This feature was published in conjunction with the screening of Fragment of an Empire at SFSFF 2018
While silent cinema has its share of silk-hatted swells, champagne, and cotillions, the working class at the bottom of the income pyramid is by no means neglected. Miner strikes, child labor, workplace safety disasters, unions (pro and con), and even socialism are featured on the silent screen. Cooks, servants, and servers prepare and distribute fine meals they could never afford to eat, workers construct fine homes they would never be allowed to enter—not by the front door anyway—and silent cinema showcases their struggles, with or without a happy ending tacked on.
THE INDUSTRY ON INDUSTRY
While overtly socialist films were not the norm in the American film industry, there are notable examples. Upton Sinclair, who declared in 1923 that movies were in the hands of capitalists and vile beyond words, was pleased enough with the 1914 movie adaptation of his novel The Jungle, which depicts the meat-packing industry in stomach-churning detail, the solution a cooperative commonwealth.
Dust (1916) is overtly pro-labor, opening with factory workers symbolically coining their lives into money to support their employer’s lavish lifestyle. The film concludes with safety legislation being passed and the evil owner dying in a fire at his own factory. D.W. Griffith solved the problem of industrialist greed by drowning a particularly avaricious specimen in his own product in A Corner in Wheat (1909). William S. Hart took a more redemptive approach in his 1921 drama The Whistle. Hart plays a factory worker whose son is killed by unshielded equipment, shielding that Hart had begged the wealthy owner to install only that morning. After the owner sees reason, the film ends with an image of the blowing of the workday whistle. Has anything really changed?
SCRAPING BY
City streets can be a harsh reality for the poor, and many silent films explore the poignant side of poverty, braving rain, sleet, and snow to scrape out an urban living. Mother Krause’s Journey to Happiness shows an impoverished Berlin, its streets built by the working class for the convenience of automobiles they do not own. The sidewalks are lined with buskers, newspaper sellers, and people sifting through discards of those higher up on the pyramid in hopes of finding something useful: a toy, a camisole … The title character of The Little Match Girl (1902) is not fortunate enough to find even a scrap of food and, true to the Hans Christian Andersen story, freezes to death as she ignites her wares.

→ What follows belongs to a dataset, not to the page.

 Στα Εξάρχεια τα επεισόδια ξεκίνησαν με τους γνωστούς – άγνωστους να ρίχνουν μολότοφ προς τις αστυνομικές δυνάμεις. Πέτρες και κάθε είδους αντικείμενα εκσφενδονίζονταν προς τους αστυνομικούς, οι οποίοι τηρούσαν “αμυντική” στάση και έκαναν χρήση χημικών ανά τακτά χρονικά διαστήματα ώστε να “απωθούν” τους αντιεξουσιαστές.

Street-vending and immigration often went hand-in-hand in American productions. Universal’s His People (1925) features Rudolph Schildkraut as an educated man who must support his family in the New World by selling pattern pieces from a pushcart. A decade earlier, The Italian, produced by Thomas Ince, shows George Beban as a gondolier turned corner-shoe-shine. In both cases, the new Americans are portrayed as hardworking, sympathetic breadwinners whose lives teeter on the edge of tragedy or fall straight in. On the other side of the Atlantic, productions like the 1910 Swedish film Emigranten tried to warn prospective emigrants that the New World was not all it was cracked up to be.
IN SERVICE
A bit further up the food chain, the saucy maid and the cunning valet show up time and again in silent film, but they were never so charming as when Ernst Lubitsch was directing. The Oyster Princess (1919) features a gentleman’s personal gentleman who marries his master’s intended by proxy but isn’t above trying to wheedle his way into the honeymoon suite. Warning Shadows (1923) is a darker take with Fritz Rasp’s butler helping to tie his employer’s wife to a table where she is stabbed to death—or was it all a dream?

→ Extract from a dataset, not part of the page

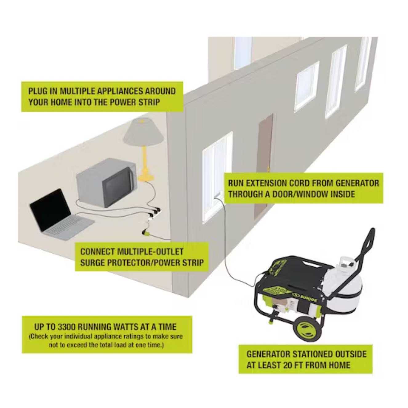 TOTAL VALUE: $1,350; includes Portable Propane Generator, Generator Cover, Extension Cord, Magnetic Dipstick, 2.0-Ah Battery, & Charger Features exclusive PRO POWER3X technology: PowerSTART, PowerCOOL, PowerFUEL Starts with an included 24-Volt 2.0 Ah lithium-ion battery — starts the unit up to 400 times on a single charge! 4100 Starting Watts/3300 Running Watts of power to run multiple appliances for up to 9 hours of continuous runtime on a 20 LB tank! Integrated control panel with multiple outlet options for your electronic devices, appliances, RVs + campers, and more. Included propane hose – siphon the fuel from the tank (propane tank not included) for continuous, cleaner energy. Collapsible transport handle and onboard tank storage to easily wheel around the home, RV, campground or worksite. Factory Authorized Remanufactured using original parts and trained service technicians. When you suddenly lose power, life stops. Keep the power on with your home’s hero: the Portable Propane Generator from Power Joe, by Sun Joe. No more struggling with bulky, smelly gas generators. If you can start your BBQ, you can turn on Power Joe — just press one button! In a blackout, Power Joe gives you instant, reliable access to exclusive PRO POWER3X technology: PowerSTART, PowerCOOL, and PowerFUEL. PowerSTART features a 24V IONMAX lithium-ion battery to instantly turn on the motor the first time, every time, with up to 4,100 watts of power. And the included battery powers over 100 tools in the 24V IONMAX cordless tool system! PowerCOOL ensures superior air flow with an enhanced fan design to keep the motor running cooler, stronger, and longer than traditional generators. And PowerFUEL harnesses the pure power of greener, cleaner propane to eliminate carbon build-up in the motor, and it’s virtually maintenance FREE! Get Equipped to power all your devices with multiple outlet options: two standard 120-volt outlets, USB-A and -C ports for all of your electronics, a twist-lock receptacle and an RV outlet for campers and campsites! Turn on lamps, plug in the fridge, run the microwave, turn on heaters or the AC, and keep your phones, tablets, and TVs on. When the power’s gone, Power Joe ON! Simply load a 20 LB propane tank into the onboard tank storage, connect the included 5 ft. propane hose, and get up to 9 hours of runtime with Power Joe! The 8 horse power, 4 stroke OHV engine is powered by propane, for less carbon build-up in the motor. Plus the handy features like the onboard LCD display + control panel, low-oil sensor with automatic shut-off, and dual circuit breakers make Power Joe a true powerhouse. So, keep your life running even when the electricity has stopped — and Go With Joe. Power quick, power easy, Power Joe. The Power Joe Portable Propane Generator, by Sun Joe. GET EQUIPPED.

While the servants have the advantage in some films, a more realistic look at the imbalance of power between domestic and employer provides the tragic centerpiece of The Peasants’ Lot (1912). Aleksandra Goncharova plays a country girl forced to take a job as a maid then is raped and paid off by her employer. She returns home to a sympathetic father but the trauma of her experience is not easily forgotten.
PINK COLLARS
Gloria Swanson, Mary Pickford, Clara Bow … every Hollywood actress worth her salt—and even a few men, most notably Harold Lloyd in 1923’s Safety Last!—took a turn behind the notions counter, working the lingerie department or selling dime-store novelties. The setting was often used as an excuse for a romance with the boss or, better, the boss’s son, especially if he resembled Antonio Moreno or Buddy Rogers. Finding a job in the first place was sometimes the main challenge for women entering the job market. Constance Talmadge employs subterfuge in Good References—borrowing another job seeker’s letter of recommendation—and, you guessed it, ends up with a proposal of marriage from her employer.
The growing beauty industry of the silent era saw everyday men and women paying to look ravishing from their heads to the tips of their fingers, and the flirty manicurist was a staple of the movies. As was the case for retail workers, office staff, and social secretaries, marriage was usually the end game for these fashionable toilers. Manicurists marry their rough-diamond suitors in both Mantrap (1926) and Cottage on Dartmoor (1929) with the former ending in a battle of the sexes (Flappers-1, Trappers-0) and the latter turning into an unintentional advertisement for safety razors.